O Ministério da Saúde e o Ministério da Justiça e Segurança Pública confirmaram, nesta terça-feira (30), um surto de intoxicação por metanol em São Paulo, que já soma 17 casos suspeitos e três mortes confirmadas. As ocorrências estão sendo monitoradas desde agosto e chamaram atenção pelo crescimento atípico em um curto espaço de tempo.
Casos em alta
De acordo com o ministro da Saúde, Alexandre Padilha, a média histórica do Brasil é de cerca de 20 registros por ano.

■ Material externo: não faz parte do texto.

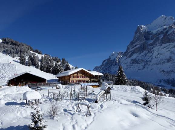 Rund um die Talstation in Grindelwald findet man ein umfangreiches Unterkunftsangebot. Mitten im Skigebiet kann man im Alpinhotel Bort, im Berggasthaus First oder im Hotel Bodmi übernachten. An den Talabfahrten findet man ebenfalls Unterkünfte. Diese erreicht man per Ski, muss aber mit dem Skibus zur Talstation fahren.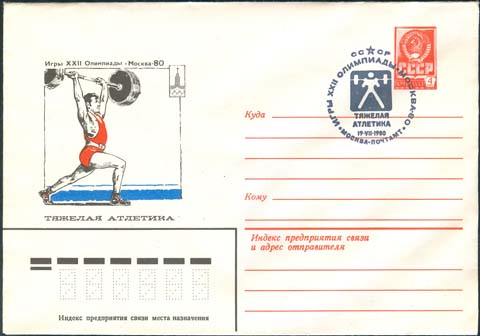 1979 г. Спортсмен-штангист. Текст: "Игры XXII Олимпиады. Москва-80. Тяжелая атлетика".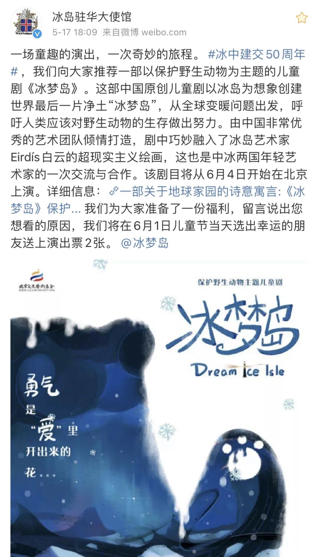 《冰梦岛》以其立足全球生态视野的保护野生动物公益主题,获得了国际爱护动物基金会(IFAW)的合作支持,为该剧提供野生动物保护领域的专业指导,该剧将在首演期间提供一场公益性演出,当天所有票房收入将用于野生动物救助和保护工作。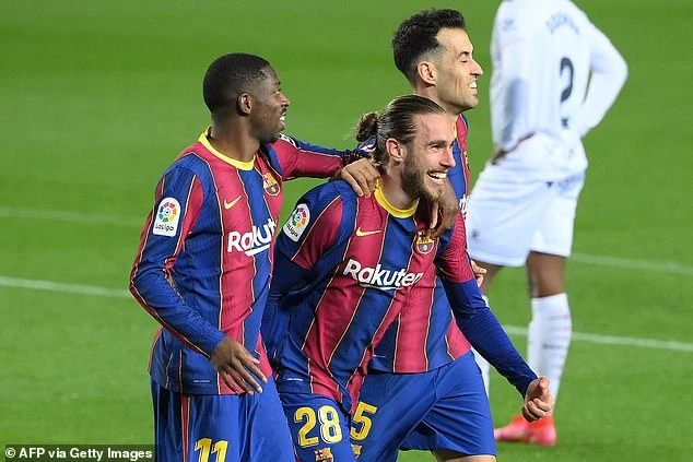 Khoảng cách an toàn cũng được Barca tái lập khi trung vệ Mingueza đánh đầu nâng tỷ số lên 3-1. Ảnh: Getty Images.
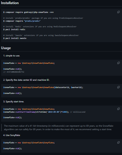 An ID Generator for PHP based on Snowflake Algorithm (Twitter announced). Snowflake is a network service that generates unique ID numbers at high scale with simple guarantees. If you want to generate unique IDs using the snowflake algorithm, you must ensure that sequence numbers generated within the same millisecond on the same node are unique. Based on this requirement, we have created this package which integrates multiple sequence number providers.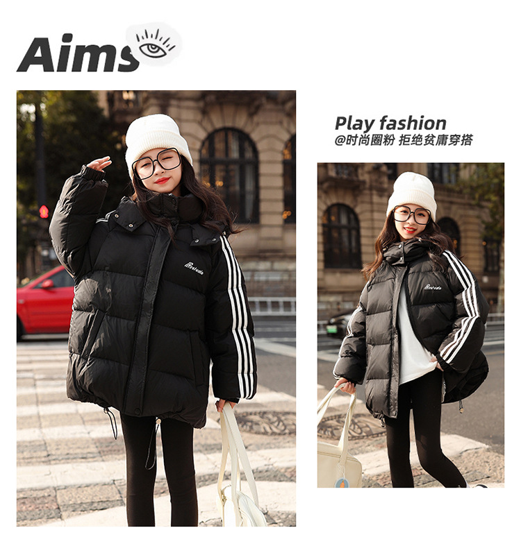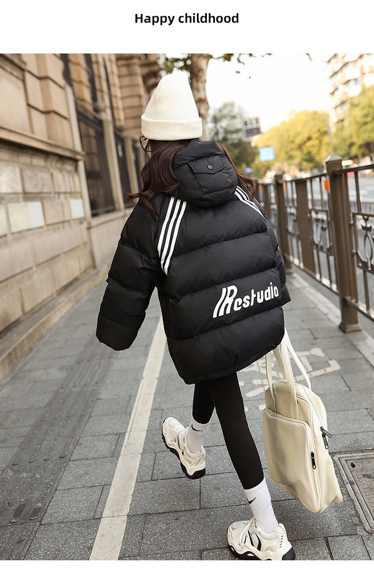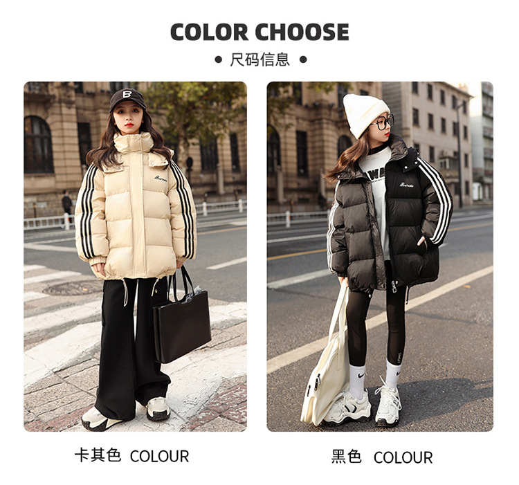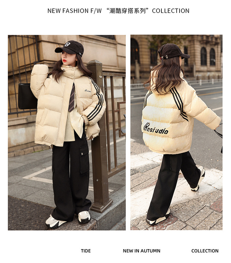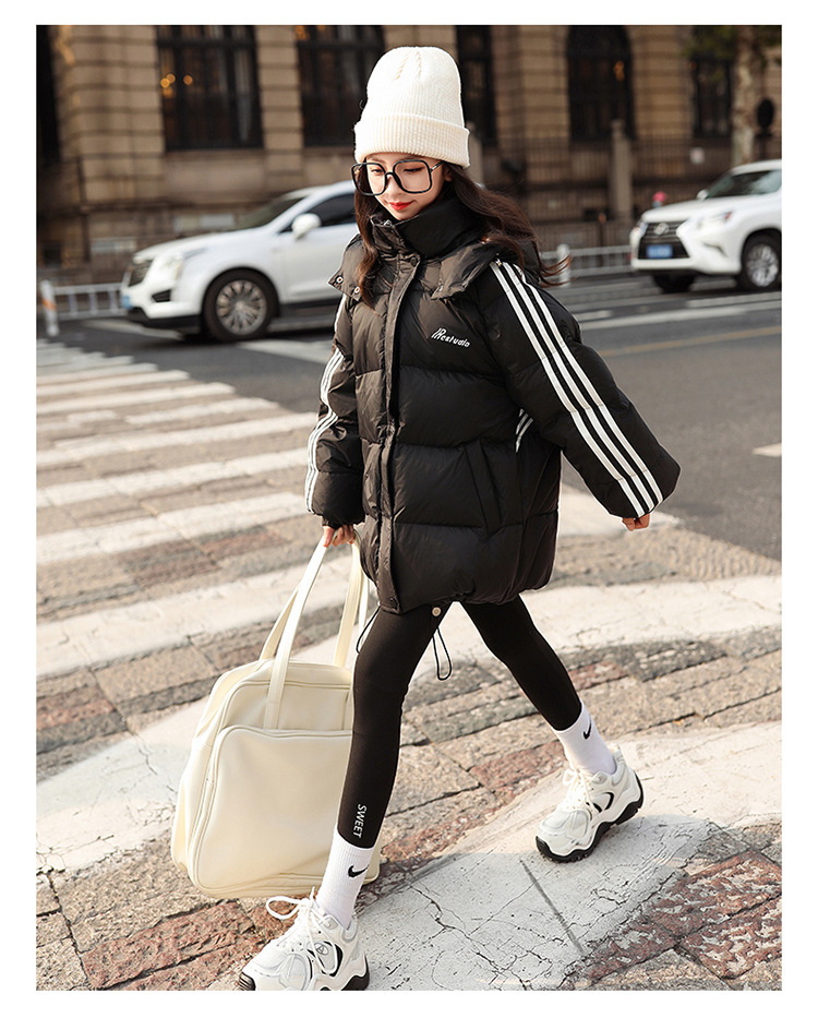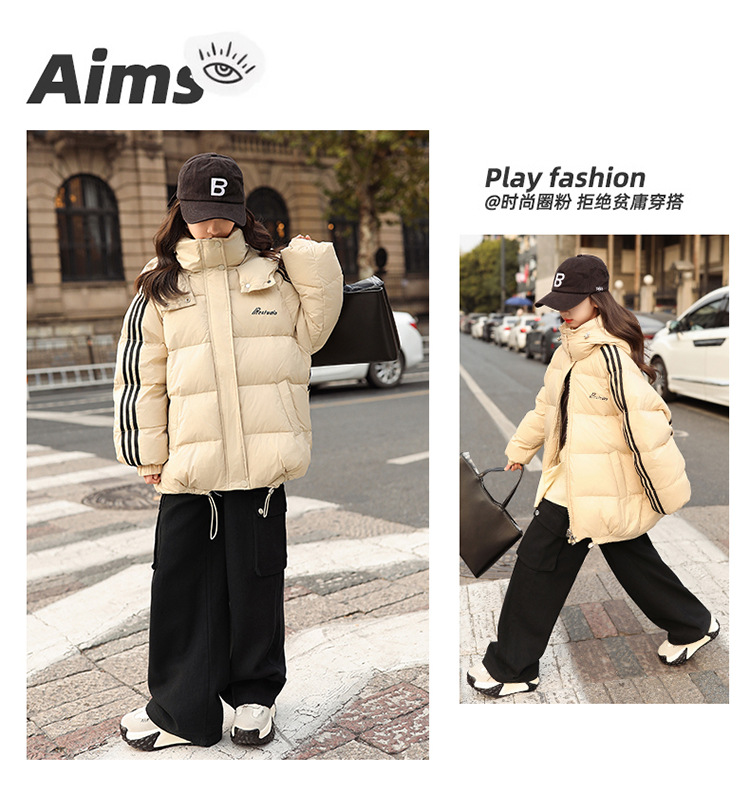 女の子用ダウンジャケット 冬 2025年新作 カジュアルジャケット ホワイトダックダウンコート 大きな女の子向け おしゃれでスタイリッシュなモデル

No entanto, apenas entre agosto e setembro, já foram contabilizados 17 casos suspeitos no estado paulista. “A partir de setembro se identificou quase metade daquilo que normalmente se registra ao longo de um ano. Isso é muito atípico”, afirmou.
A Secretaria Municipal de Saúde (SMS) identificou ainda 13 casos suspeitos em investigação: cinco pessoas receberam alta, cinco seguem em apuração e três permanecem internadas. Já o Centro de Vigilância Sanitária Estadual (CVS) confirmou seis casos e investiga, ao todo, 10 ocorrências em São Paulo.
Sintomas
Padilha destacou que os sintomas podem surgir até 12 horas após a ingestão da bebida adulterada, o que dificulta o diagnóstico rápido. Entre os sinais mais comuns estão dores abdominais intensas em forma de cólica, diferentes de uma simples azia, e alterações visuais, como flashes de luzes ou a chamada “pedra visual”.
“Esses sintomas precisam acender um alerta imediato para a possibilidade de intoxicação por metanol”, frisou o ministro.
Ação da Polícia Federal
O ministro da Justiça e Segurança Pública, Ricardo Lewandowski, determinou a abertura de um inquérito pela Polícia Federal para investigar a procedência das bebidas adulteradas e a rede de distribuição. Também será apurada a possível participação de facções criminosas no esquema e a existência de casos fora de São Paulo.
“A ação da entrada da PF é por suspeitas de que há uma relação com organização criminosa e impacto nacional”, explicou Padilha.
Risco à saúde
O metanol é uma substância altamente inflamável e tóxica, capaz de causar graves danos à saúde humana, inclusive risco de morte. As autoridades reforçam o alerta para que a população evite o consumo de bebidas alcoólicas de origem duvidosa.
O Governo Federal segue mobilizado para conter o surto e garantir o acompanhamento dos casos em todo o país.